The Miami Herald
Tue, Jul. 20, 2004

Cuban Dissident Says U.S. Revoked His Visa

ANDREA RODRIGUEZ
Associated Press

HAVANA - A Cuban dissident said the U.S. government revoked his visa after granting him political refugee status, prompting other opponents of Fidel Castro's communist government to express concern they are losing support from the United States.

Bernardo Arevalo Padron, a journalist, was granted asylum by the United States after being released earlier this year from a Cuban prison, where he served a six-year sentence on a contempt charge against Castro and Vice President Carlos Lage.

Yet last week, the dissident said, he received a letter from the U.S. Interest Section in Havana, saying his visa had been revoked.

"It's an outrage," Arevalo told The Associated Press late Monday. "I was all ready to travel on Aug. 25."

The letter accused him of cooperating with Cuban security officials, he said.

Arevalo, who was a Cuban intelligence agent before he became a dissident in 1990, denied he was still working for Castro's government.

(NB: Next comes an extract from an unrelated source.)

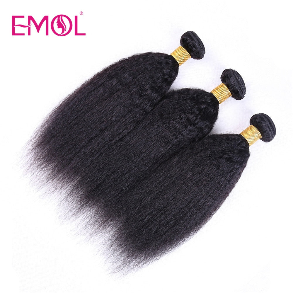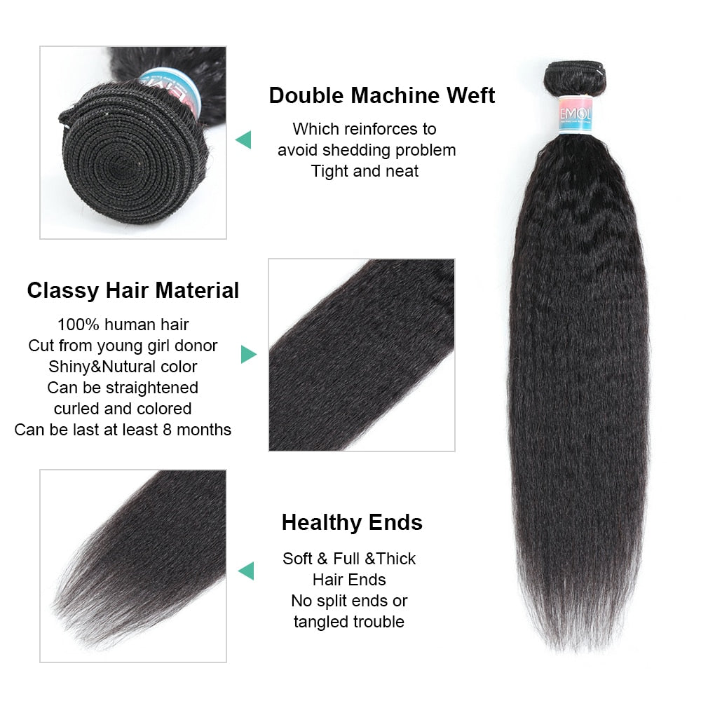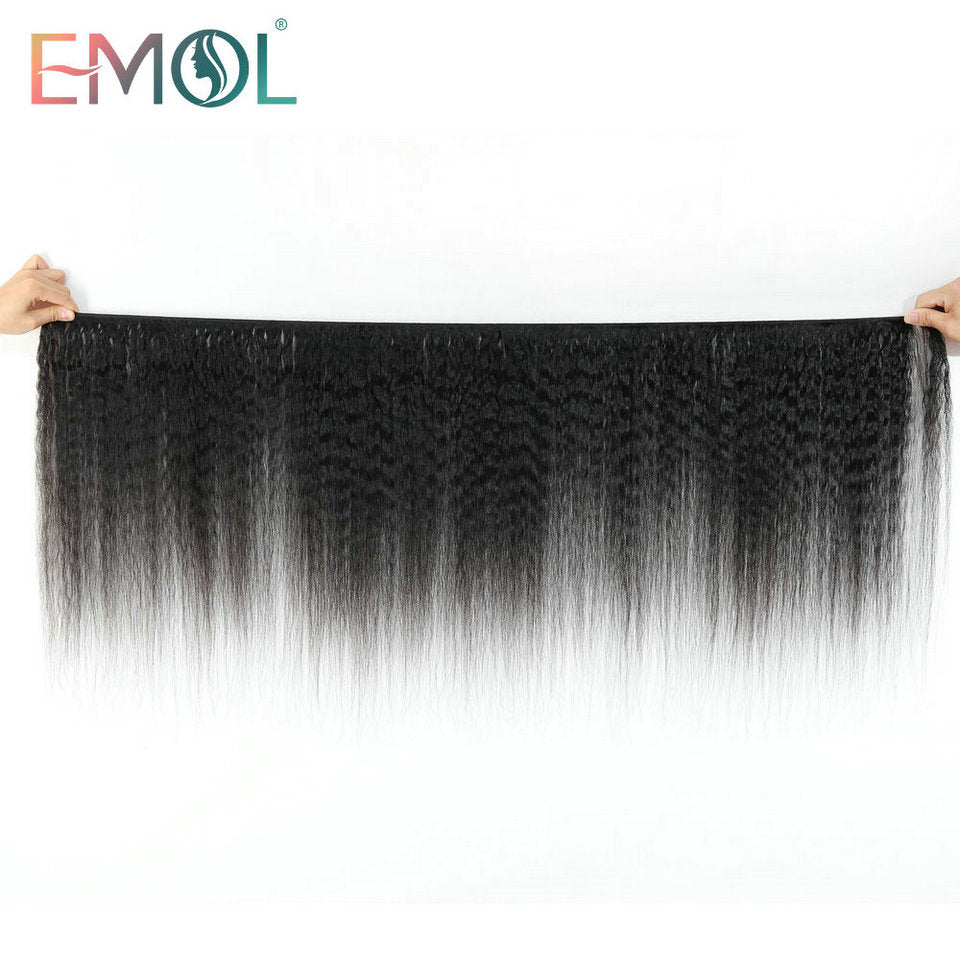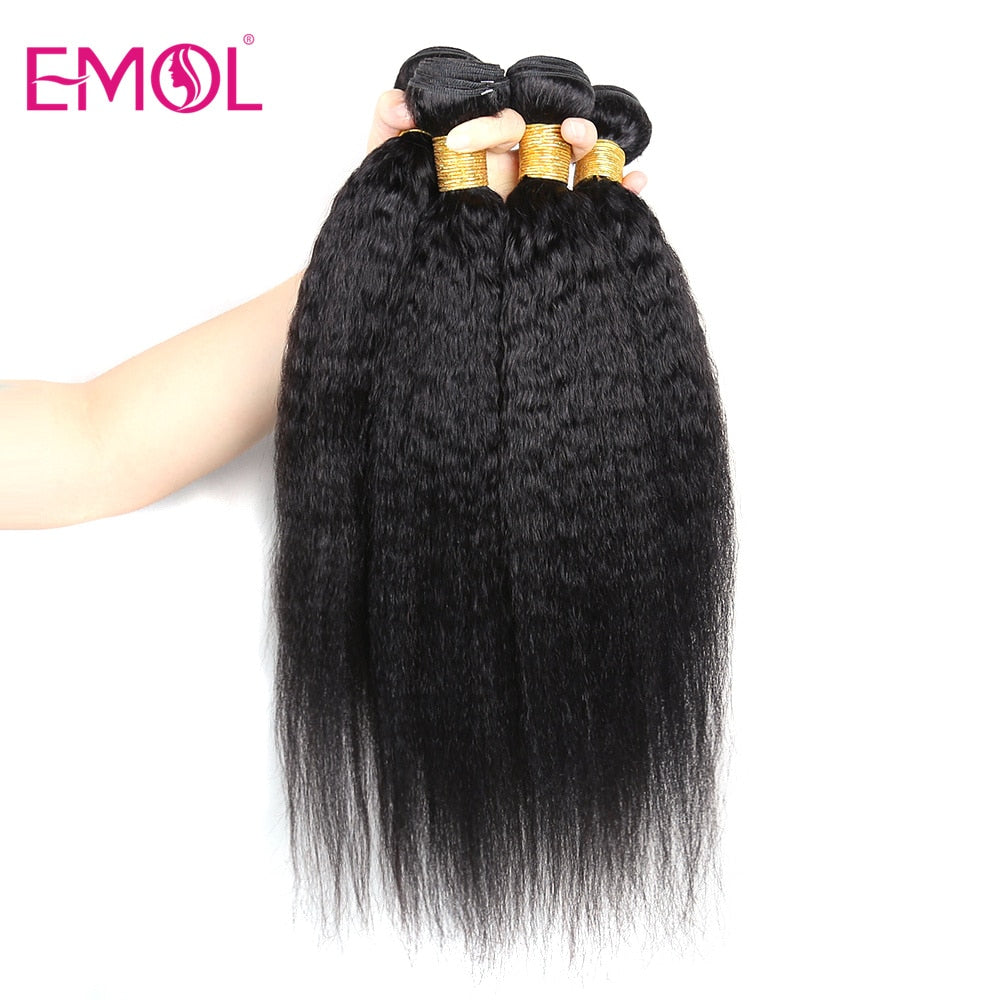 Kinky Straight Hair Bundles 100% Human Hair Extensions Wholesale Vendor Yaki Straight Hair 3/4 Bundles Natural Hair Weave EMOL

Officials at the U.S. Interest Section declined to comment on Arevalo's case, citing confidentiality rules.

Last month, the U.S. government also denied a visa to moderate Cuban dissident Dimas Castellanos, who had been invited to participate in a conference at the Institute of Cuban Studies in Miami.

Other dissidents said they have also been denied visas or suddenly lost permission to enter the U.S. Interest Section in Havana and use computers there.

"They didn't give me an explanation. The guards at the door simply took away my pass," said dissident Gradys Munoz.

Vladimiro Roca, a leading dissident with the opposition group United For All Movement, said officials at the American mission "have really changed their treatment of some dissidents lately."

Elizardo Sanchez, an activist who heads the Cuban Commission on Human Rights and Reconciliation, said the U.S. government appeared to suspect that dissidents were working as undercover agents for Castro.

"I am very surprised and worried about the possibility that the United States' immigration service is adopting unjust measures in the midst of a certain paranoia," Sanchez said.

Seventy-five Cuban dissidents accused of working with U.S. diplomats to undermine the island's government were arrested and sentenced to long prison terms in a crackdown last year. Two have since been released for health reasons.

The Bush administration has also cracked down on the island, imposing new rules tightening restrictions on travel to Cuba and reducing the amount of dollars Cuban emigres can send home. Washington hopes the measures will close loopholes in the long-standing U.S. embargo on Cuba and weaken Castro's rule.